Citation: Interpretation, 2015; 3(3):SZ15-SZ26
Publisher: Society of Exploration Geophysicists and American Association of Petroleum Geologists
Issue Date: 2015
ISSN: 2324-8858
2324-8866
Statement of
Responsibility: 
Stephanie Tyiasning and Dennis Cooke
Abstract: We have developed a tight gas amplitude variation with offset (AVO) case history from the Cooper Basin of Australia that addressed the exploration problem of mapping thin fluvial tight gas sand bodies. In the Cooper Basin, Permian Toolachee and Patchawarra sands are difficult to interpret on seismic data due to strong reflections from adjacent Permian coals. This is not the common AVO problem of distinguishing between coal and gas sand, but a more difficult class-I AVO problem of mapping fluvial sands beneath a sheet coal that varies in thickness.
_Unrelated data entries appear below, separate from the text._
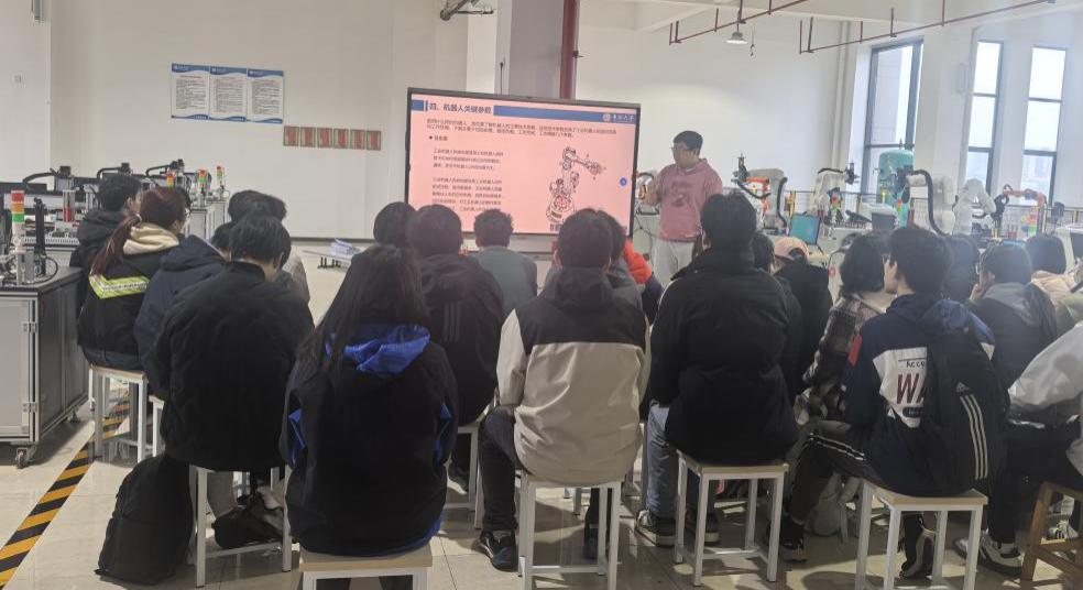 工程实践创新中心开展工业机器人项目集体教研活动发布时间:2026-04-01 浏览次数: 为持续深化实践课程教学改革,全面提升实践教学质量,3月31日下午,韩奉林副院长带领工程实践创新中心听课团队深入工业机器人项目教学一线,开展专项随堂听课与集体教研交流活动。 课堂上,任课教师系统讲授了工业机器人结构原理、发展现状以及设备操作规范等核心内容,并指导学生分组完成上机实操。听课团队全程观摩,细致记录教学设计、教学内容、学生课堂参与及实操技能掌握等关键要素,全面精准地掌握了一线教学的实际成效。
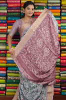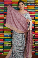 Fancy Silk Leaf Design Light Grey With Onion Pink Saree
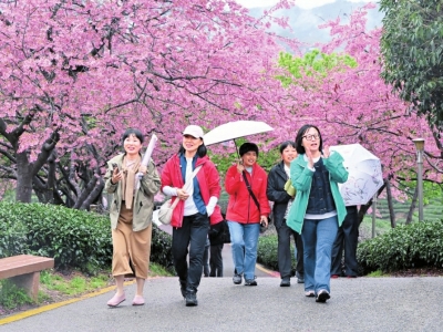 2月28日,游客在福建省漳平市永福镇台品樱花茶园游玩。图据新华社客户端
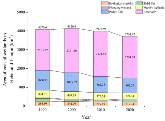 Composition of coastal wetland areas in Hebei and Tianjin, 1990–2020.
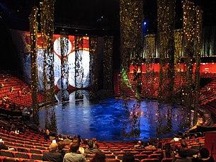 The House of Dancing Water is dubbed "Macau's most expensive show", consisting of "water stunts, acrobatics, aerial arts and theater".[6] US$250 million was invested into the production of this show, which claims to appeal to the Chinese market as a "modern East-meets-West fable".[6] The purpose-built theatre for this production is located within the City of Dreams. Tourists can expect to pay anywhere from HK$478 - HK$1,498 for tickets.[7]
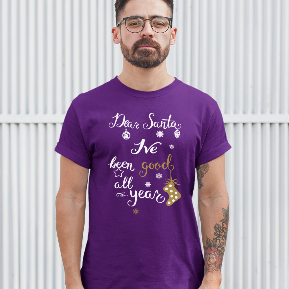 DEAR SANTA I'VE BEEN GOOD ALL YEAR t-shirt funny christmas xmas men's tee purple
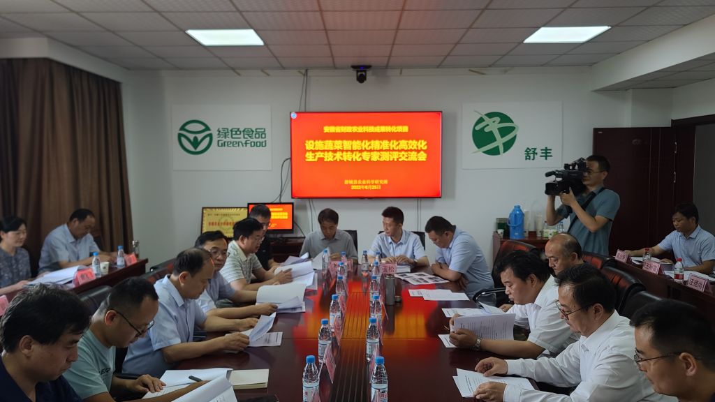 本网讯 为贯彻落实省委省政府促进科技成果转化重点工作部署,更好地服务省委“两强一增”行动方案。6月25日,由我校主持的安徽省农业科技成果转化项目“设施蔬菜智能化精准化高效化生产技术转化”中期专家测评交流会在舒城县农业科学研究所桃溪红光试验基地成功举行。省农业信贷融资担保有限公司总经理陈维光、省农业农村厅市场信息化处副处长丁晓东、中国科技大学信息学院教授俞能海、省种子管理站研究员汪社宽、省农业科技中心研究员章玉松、省农业科学院植物保护与农产品质量安全研究所研究员戚仁德、安徽农业大学汪承刚等专家,项目承担与管理单位领导、舒城县有关领导、项目组主要成员以及举办单位相关人员40余人参会。校党委常委、副校长操海群出席会议。会议由省农业科学院科研管理处处长李成主持。
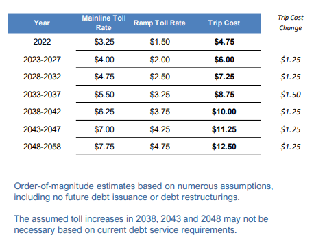 If the financing plan is approved, the Metropolitan Washington Airports Authority would raise tolls by $1.25 every five years except in 2033. That year, the tolls would increase by $1.50.
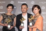 當?shù)貢r間11月26日,第48屆臺灣電影金馬獎頒獎典禮后臺,各個獎項的逐一揭幕,獲獎明星手持獎杯在后臺與大家共同分享勝利的喜悅。 圖為:《到阜陽六百里》編劇。
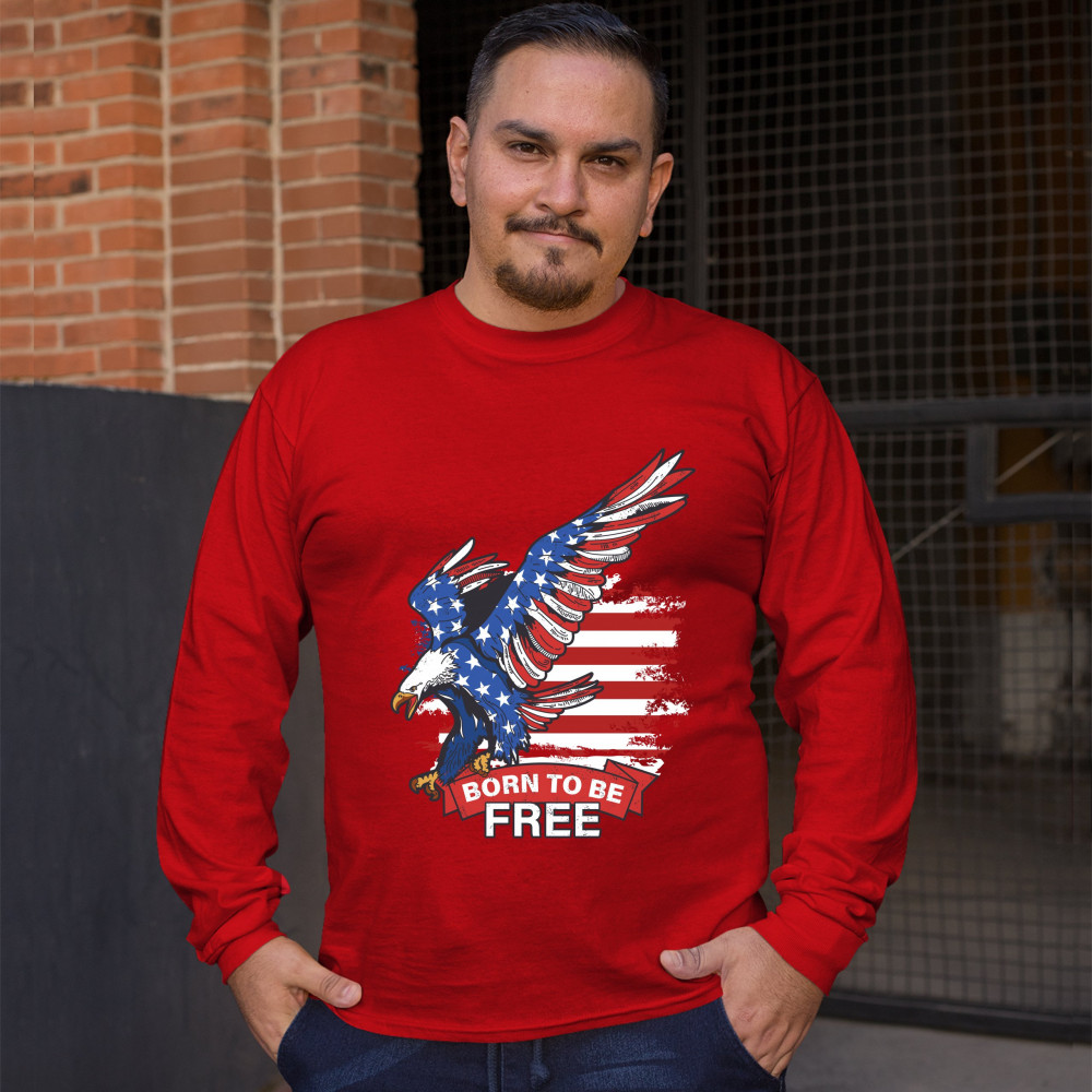 A patriotic print saying "Born to Be Free" and featuring a diving American Bald Eagle. In the background there is a distressed American Flag and the eagle is covered with Stars and Stripes. Great choice to wear on Independence Day or any other patriotic h
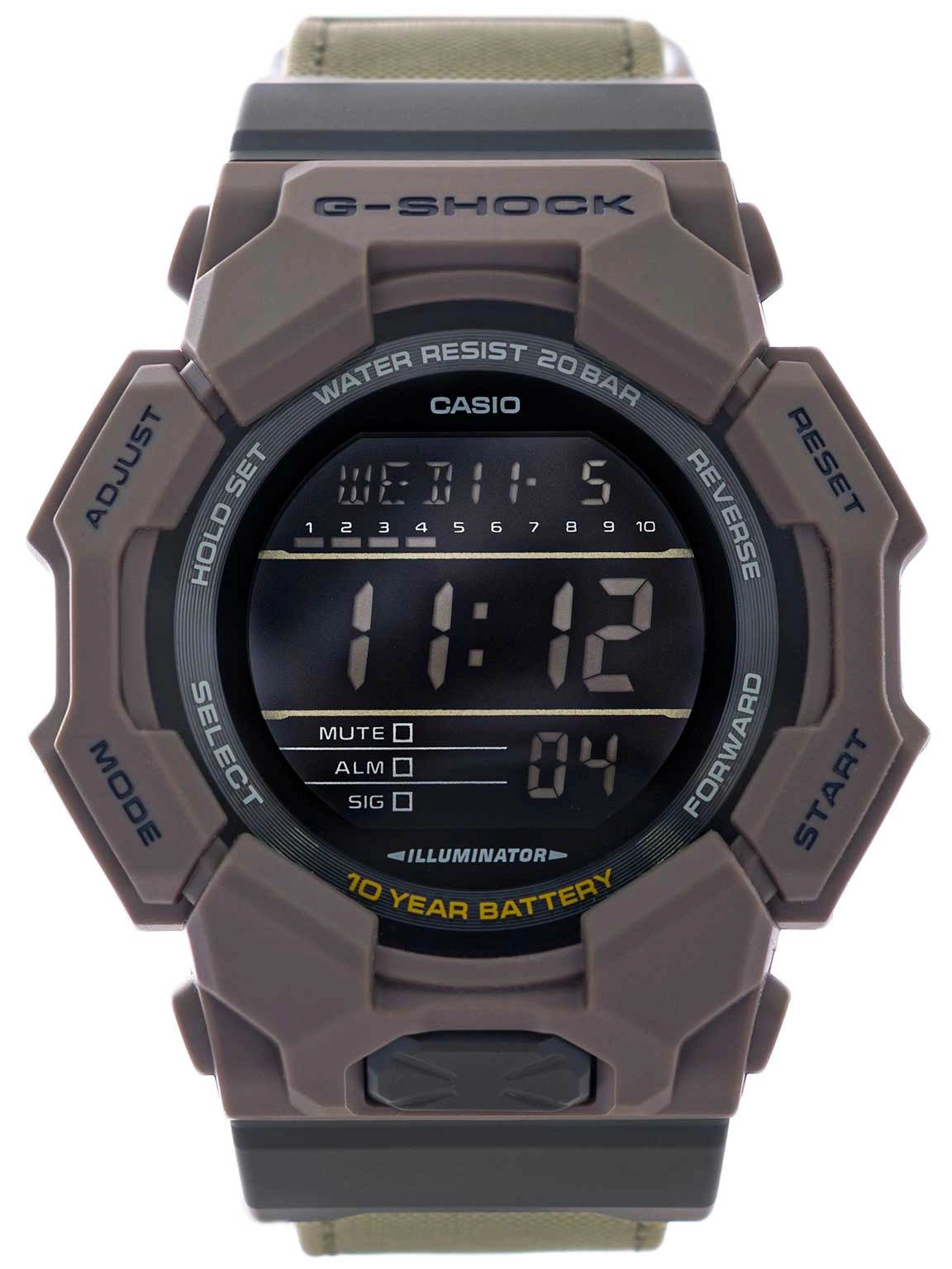 Casio G-Shock GD-010CE-5ER to zegarek o wyraźnie taktycznym charakterze, w którym funkcjonalność spotyka się z dyskretną estetyką zapożyczoną z wojskowego rynsztunku. Bryła koperty, odlana z bio-żywicy w ciepłych odcieniach brązu, sprawia wrażenie zredukowanej i przemyślanej formy: surowej, lecz starannie dopracowanej. Matowa faktura materiału tłumi refleksy, dzięki czemu konstrukcja nie przyciąga niepożądanego zainteresowania, a jednocześnie zachowuje solidny, utylitarny wygląd. Negatywowy wyświetlacz, osadzony w centrum tej stonowanej kompozycji, dodaje całości surowego, nowoczesnego wyrazu — ciemne tło i jasne, kontrastowe wskazania tworzą czytelną płaszczyznę informacyjną, która podkreśla użytkowy charakter zegarka.

We have reviewed local rock properties and concluded that Poisson’s ratio is probably the most appropriate rock property to solve the above exploration problem. We have compared various seismic attributes made using the extended elastic impedance (EEI) technique and a rotation of near and far partial stacks. In a synthetic modeling study that included random noise and tuning, we compared the noise-discrimination abilities of three competing AVO crossplot techniques and “rotated” the attributes made from them. These three crossplots were as follows: intercept versus gradient (I-G), full-stack versus far-minus-near (Full-FmN), and near-stack versus far-stack (N-F). Previous papers on this subject have found that (I-G) crossplots had a spurious correlation in the presence of noise that did not occur with the (Full-FmN) and (N-F) crossplots. We found that for our class-I AVO case, (1) the advantage of the (Full-FmN) and (N-F) crossplots disappeared in the presence of tuning, (2) if tuning was present, the optimal rotation angle was determined by the “tuning angle,” not by the noise angle or some desired EEI angle, and (3) if the three different crossplots were rotated by their respective “tuning” angles, the results were identical.
Keywords: Interpretation; Amplitude; AVO/AVA; Unconventional; Reservoir characterization
Rights: © 2015 Society of Exploration Geophysicists and American Association of Petroleum Geologists. All rights reserved.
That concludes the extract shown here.